Questlove: Yeah! How does that happen and stuff? And I feel like part of ripping down The Roots was burning the emperor’s old clothes. And someone from Pitchfork called it out: The Roots are the people that white people that don’t like hip-hop like.
Pitchfork’s bylines have diversified greatly since the mid-Aughts. (Meanwhile, Questlove hasn’t explained why his own site, Okayplayer, laid off its editorial staff last October.) Yet the notion that Pitchfork is largely staffed with “white hipsters” persists. On Chicago rap duo Angry Blackmen’s new album, The Legend of ABM, Quentin Branch lashes out against the site. “Fuck a publication and them crackers up at Pitchfork,” he raps on “Dead Men Tell No Lies.”
Both claims point to how Pitchfork, as a construct of musical taste, is often presumed to be cast in whiteness, no matter the race or gender of its interlocutors, with a perspective distant from the lived reality of Black and Brown performers. The regime that Condé Nast dismissed, helmed by editor-in-chief Puja Patel, admirably strove to dismantle those perceptions. It’s tragic that they’ll no longer continue their work.

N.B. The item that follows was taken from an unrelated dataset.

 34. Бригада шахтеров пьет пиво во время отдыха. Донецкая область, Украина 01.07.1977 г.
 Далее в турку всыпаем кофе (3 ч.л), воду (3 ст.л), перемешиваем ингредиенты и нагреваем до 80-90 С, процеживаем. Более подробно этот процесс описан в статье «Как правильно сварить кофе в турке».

My personal experience with Pitchfork is complicated, but not for the aforementioned reasons. (I don’t feel like getting into it. For now, you can read this BrooklynVegan news story about my ill-fated review of Talib Kweli’s 2016 album Indie 5000.) Its editors and writers were kind and considerate, the polar opposite of the snobby-ass scenesters I occasionally encounter in pop media.
I am forever grateful to Jill Maples for giving me the opportunity to write a few deeply researched stories. Being edited by Clover Hope was an instructive and revelatory experience. I also want to thank Jayson Greene for originally inviting me to write for Pitchfork. Although my first run went sideways, I wouldn’t have found redemption without the staff’s subsequent generosity.

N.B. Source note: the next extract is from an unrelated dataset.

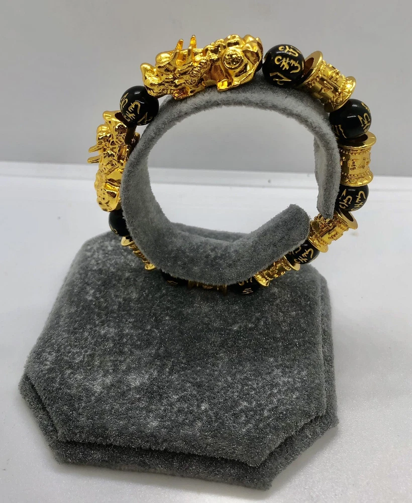 Beautiful Handcrafted Pixiu Dragon Bracelet Worn for thousands of years for protection from evil, to attract wealth, protect good health and create prosperity. Uniquely crafted from 9mm Black Obsidian Beads and two 24k Gold Plated Pixiu Dragons on an elastic stretch bracelet. 30 Grams Comes in a velvet presentation pouch. FAST SHIPPING 💨

Over the past two weeks, I’ve struggled to negotiate two distinct ideas circulating in my head. I think it’s important to critique Pitchfork’s unique and perhaps unrivaled place in 21st-century music journalism. But as someone who has benefited from its presence, I may be too close emotionally to its still-unfolding story.
Perhaps all I can offer is my own example. I’m someone who weathered over two decades of wounds, many self-inflicted, leaving my dream of being a full-time writer seemingly out of reach for now. During that time, newspapers have bankrupted, magazines have been bought and liquidated, and websites have seemingly vanished into thin air. Yet life begins and ends on its own timetable, separate from commerce and the predations of free-market capitalists. It’s my saving grace.
New Pickups
Let’s end this session on a less existential note. Here’s a few items I’ve recently bought.
Jazz Journal is a British magazine that profiled gospel musician and rock ‘n’ roll pioneer Sister Rosetta Tharpe in advance of her November-December 1957 tour. Dixieland traditionalists Chris Barber’s Jazz Band opened her dates.
The June 1948 issue of The Record Changer includes a concert review of Billie Holiday’s famous March 27, 1948 comeback concert at Carnegie Hall. (Note the cover date is misprinted as “May 1948.”)
Here’s a Reality Hackers cover featuring Sun Ra. The Winter 1988 issue of the Berkeley-based magazine features a Q&A with Sun Ra conducted by Ira Steingroot prior to his 1987 benefit for Koncepts Cultural Gallery at Kaiser Convention Center in Oakland.
This issue of SOUL magazine features British soul-disco band Heatwave. Inside, singer Johnny Wilder and guitarist Roy Carter are interviewed by Anthony P. Carter.
Finally, a bonus: I bought this issue of Straight No Chaser when it dropped in 2003. Rest in peace to Amp Fiddler.